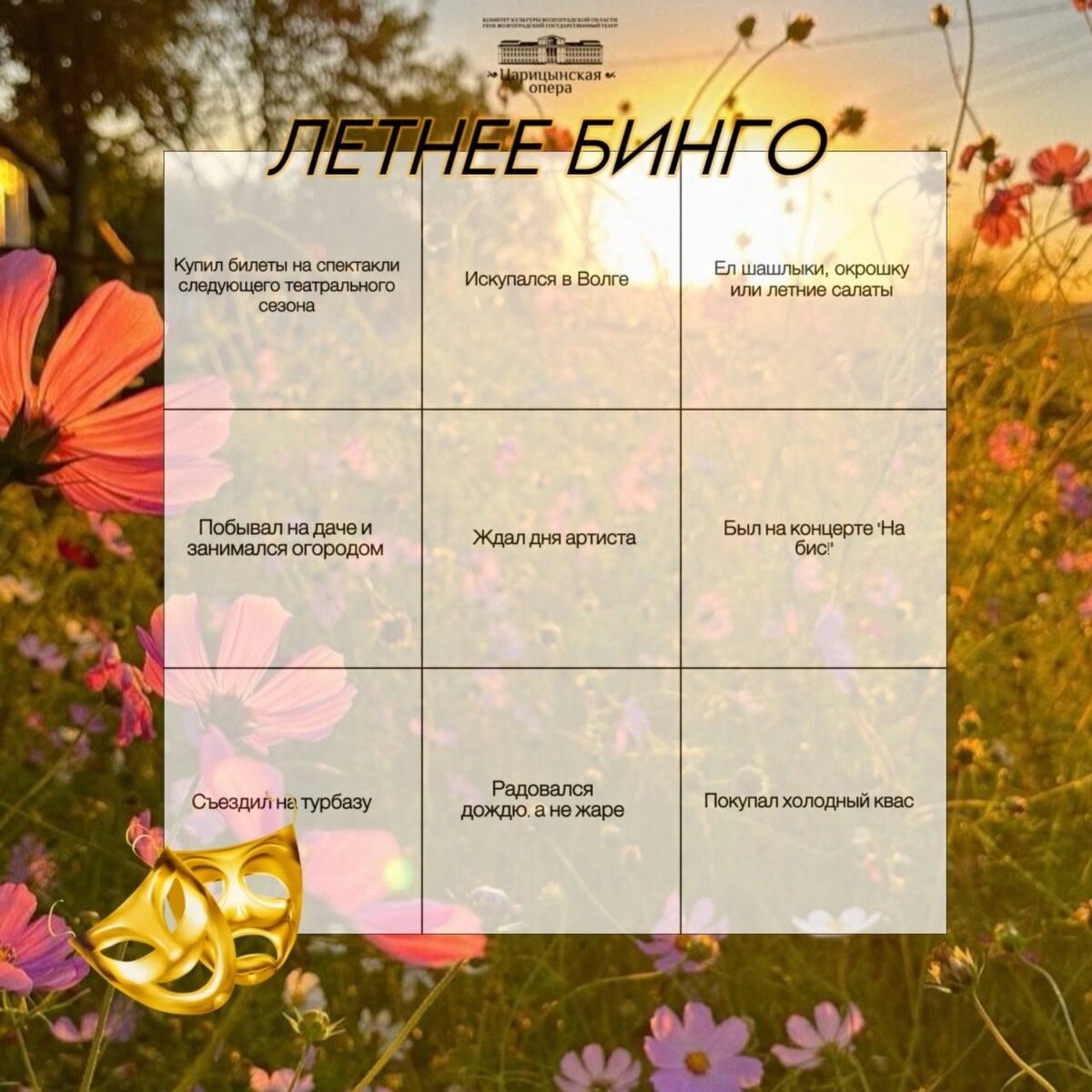 КАК ВЫ ПРОВОДИТЕ СВОЕ ЛЕТО? Театральные будни позади, а все артисты и работники театра активно отдыхают, наслаждаясь заслуженным отпуском. А как отдыхаете и проводите свое лето вы, дорогие зрители? Отвечайте на вопросы из бинго и делитесь фотографиями вашего отдыха!
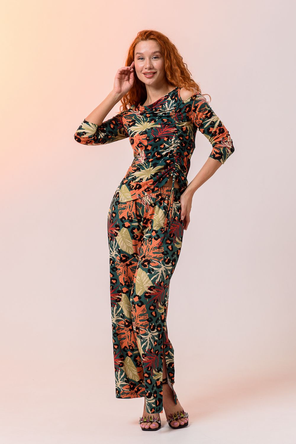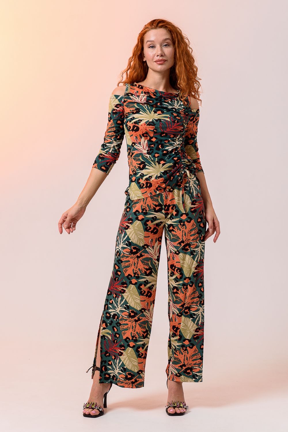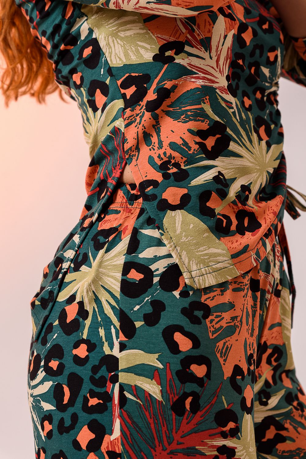Брюки 7411 - листья на зелёном
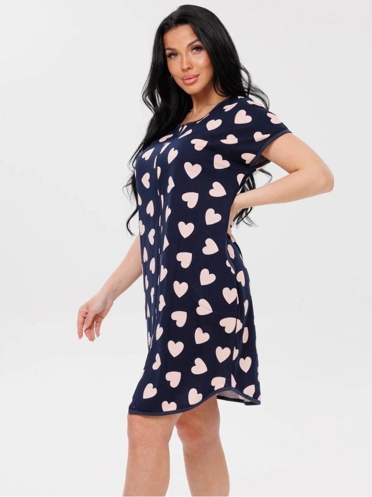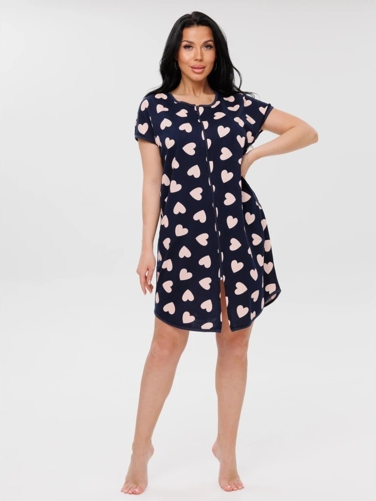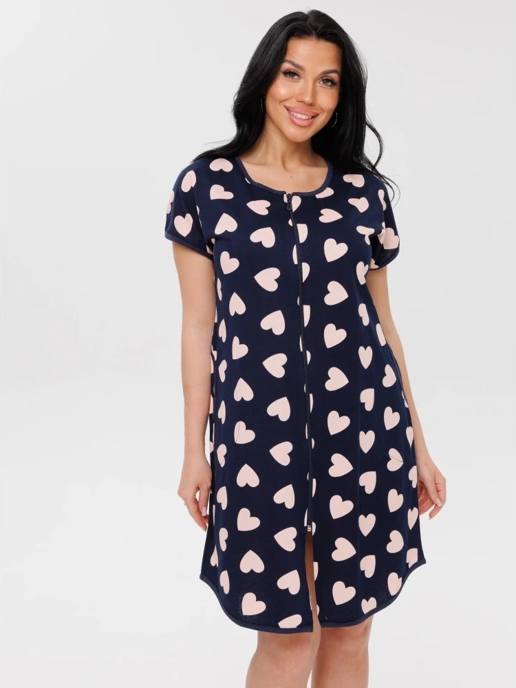 Женский халат Х-154(К) / Темно-синий (сердечки) на молнии, с короткими рукавами. Женский домашний халат из кулирки имеет широкий размерный ряд и яркие расцветки.
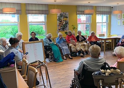 This week, our residents have enjoyed the visit of Chrissie on Monday which they always enjoy singing along to. The octopus has returned too, and many big group activities have been organised including singing, quiz etc. The weather is expected to brighten up after Saturday, so hopefully we will be able to enjoy the garden a bit more at last.
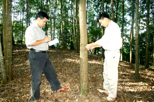 Tiếp chúng tôi trong căn nhà sàn rộng rãi, ông Triệu Tiến Hiện, 42 tuổi, người dân tộc Dao hồ hởi “khoe” vừa mới tiếp một người khách đến để đặt mua lại diện tích keo đã trồng từ năm 2002. Nhưng, ông không bán mà để dành cho xưởng bóc gỗ xuất khẩu của gia đình. “Chỉ trong năm nay, tôi sẽ thu về cả trăm triệu đồng từ rừng” - Ông nói. Để minh chứng cho lời mình, ông Hiện đưa chúng tôi ra rừng keo của gia đình. Trên diện tích 1,6 ha, hơn 3 nghìn cây keo 7 năm tuổi chuẩn bị cho thu hoạch được chăm sóc chu đáo và đốn tỉa gọn gàng. Trung bình, mỗi chu vi cây keo đạt từ 40 đến 60 cm tương đương với khoảng 0,1 m3 gỗ mỗi cây. Tính sơ sơ với giá thị trường từ 400 đến 600 nghìn đồng/m3 gỗ keo mua tại rừng thì với hơn 3,2 nghìn cây keo, ông Hiện đã thu về trên dưới 160 triệu đồng.

■ WORK TASK
Please transcribe the lines from the one containing "Женский халат Х-154(К)" to the last line of the listing, both included, exactly and with nothing added, leaving every picture out.

■ FINISHED EXERCISE
 Женский халат Х-154(К) / Темно-синий (сердечки) на молнии, с короткими рукавами. Женский домашний халат из кулирки имеет широкий размерный ряд и яркие расцветки.
 This week, our residents have enjoyed the visit of Chrissie on Monday which they always enjoy singing along to. The octopus has returned too, and many big group activities have been organised including singing, quiz etc. The weather is expected to brighten up after Saturday, so hopefully we will be able to enjoy the garden a bit more at last.
 Tiếp chúng tôi trong căn nhà sàn rộng rãi, ông Triệu Tiến Hiện, 42 tuổi, người dân tộc Dao hồ hởi “khoe” vừa mới tiếp một người khách đến để đặt mua lại diện tích keo đã trồng từ năm 2002. Nhưng, ông không bán mà để dành cho xưởng bóc gỗ xuất khẩu của gia đình. “Chỉ trong năm nay, tôi sẽ thu về cả trăm triệu đồng từ rừng” - Ông nói. Để minh chứng cho lời mình, ông Hiện đưa chúng tôi ra rừng keo của gia đình. Trên diện tích 1,6 ha, hơn 3 nghìn cây keo 7 năm tuổi chuẩn bị cho thu hoạch được chăm sóc chu đáo và đốn tỉa gọn gàng. Trung bình, mỗi chu vi cây keo đạt từ 40 đến 60 cm tương đương với khoảng 0,1 m3 gỗ mỗi cây. Tính sơ sơ với giá thị trường từ 400 đến 600 nghìn đồng/m3 gỗ keo mua tại rừng thì với hơn 3,2 nghìn cây keo, ông Hiện đã thu về trên dưới 160 triệu đồng.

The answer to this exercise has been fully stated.